Finding coffee on a farm is very rare in Ethiopia, but Gidey Berhe Retta has a farm in Limu Kossa, which is 350 hectares above sea level, 1840-2130 meters above sea level. The land where coffee was grown used to be a dense wild forest, but after being trimmed, coffee can be planted on it, but among the native trees, it is still filled with the deep serenity and loneliness of the forest. During the harvest season, 400 seasonal workers are employed to harvest and select cherries on the farm, and during the harvest peak, the processing plant processes about 20000 kilograms of cherries a day. Limu Kossa Agro Industry PLC is not a very attractive name for the coffee farm, so the raw bean merchant, with the consent of Gideon, named his coffee after him.

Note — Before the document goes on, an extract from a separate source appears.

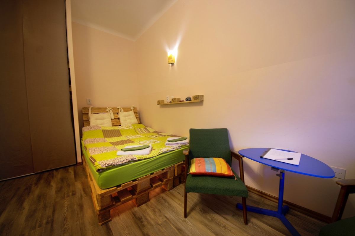 Each room has its own balcony. We have two double-bedded rooms with its own balcony and toilet with bathroom. We also have dining room with kitchen, where we serve breakfast. Breakfast is not incluided in the price. Our guests can use the kitchen (which is just for guests) to make a coffe and drink it in our beautiful garden.

Limu Coffee coffee is famous for its aroma and wine taste (spicy and Winnie flavor) and is very popular in Europe and the United States. The acidity and alcohol thickness are good, and the water-washed lim coffee is also the favorite of fine coffee. The bean shape is medium, greenish blue, mostly round.

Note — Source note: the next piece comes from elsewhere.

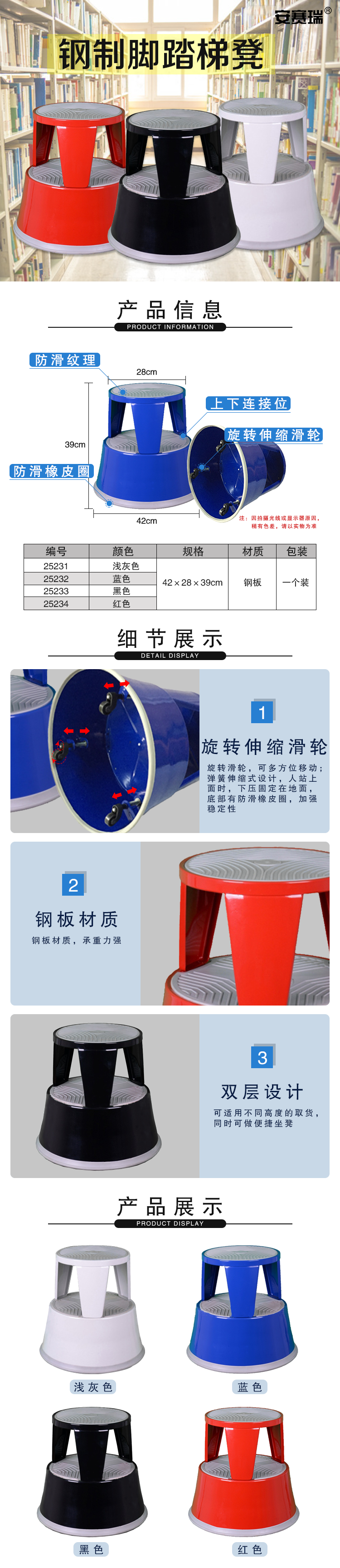 安赛瑞 钢制脚踏梯凳 理货凳超市取货凳登高凳 图书馆洗车移动梯凳 多功能仓库可移动脚踏圆凳 黑色 25233

The floral, fruity, and tea-like aftertaste extracted by water washing and refinement are its attractions for a long time. Eth wet processing was introduced in 1970 and was the stronghold of the first washing tank. The washing process can be understood as fermentation shelling and direct drying. Although the production process and equipment require a lot of investment, because it can produce the traditional wine and lemon blossom flavor, the determination of investors remains unimpeded. Due to the full investment, the design of the sink has been continuously improved and unified. under the professional technology, the stable quality Yega Xuefei has gradually entered the international market in the name of specialty coffee and is favored by many coffee lovers.

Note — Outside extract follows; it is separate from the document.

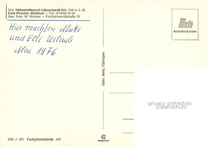 Luetzenhardt Kategorie Alte Ansichtskarten Postkarten bx62992 Luetzenhardt Cafe Pension Waldlust Luetzenhardt postalisch nicht gelaufen 1976 Erhaltung siehe scans [KathaD81]

Bean seed: Ethiopian native species Ethiopian Heirloom
Producing area: Lim Kosar Limu Kossa; Euromi Asia Oromia
Farm: Limu Kossa Agro Industry PLC
Farmer: Gidebeche Gidey Berhe Retta
Altitude: 1840-2130 m
Treatment: washing Washed
Flavor: citrus, Bailan melon, caramel
Qianjie recommended cooking:
Filter cup: Hario V60
Water temperature: 90 degrees
Degree of grinding: small Fuji 3.5
Cooking methods: the ratio of water to powder is 1:15, 15g powder, the first injection of 25g water, 25 s steaming, the second injection to 120g water cut off, waiting for the powder bed water to half and then water injection, slow water injection until 225g water, extraction time about 2:00
Analysis: using three-stage brewing to clarify the flavor of the front, middle and back of the coffee. Because V60 has many ribs and the drainage speed is fast, it can prolong the extraction time when the water is cut off.
Flavors: nutty, toast, apricot, caramel, sugarcane, maple syrup, Body, cocoa, chocolate finish.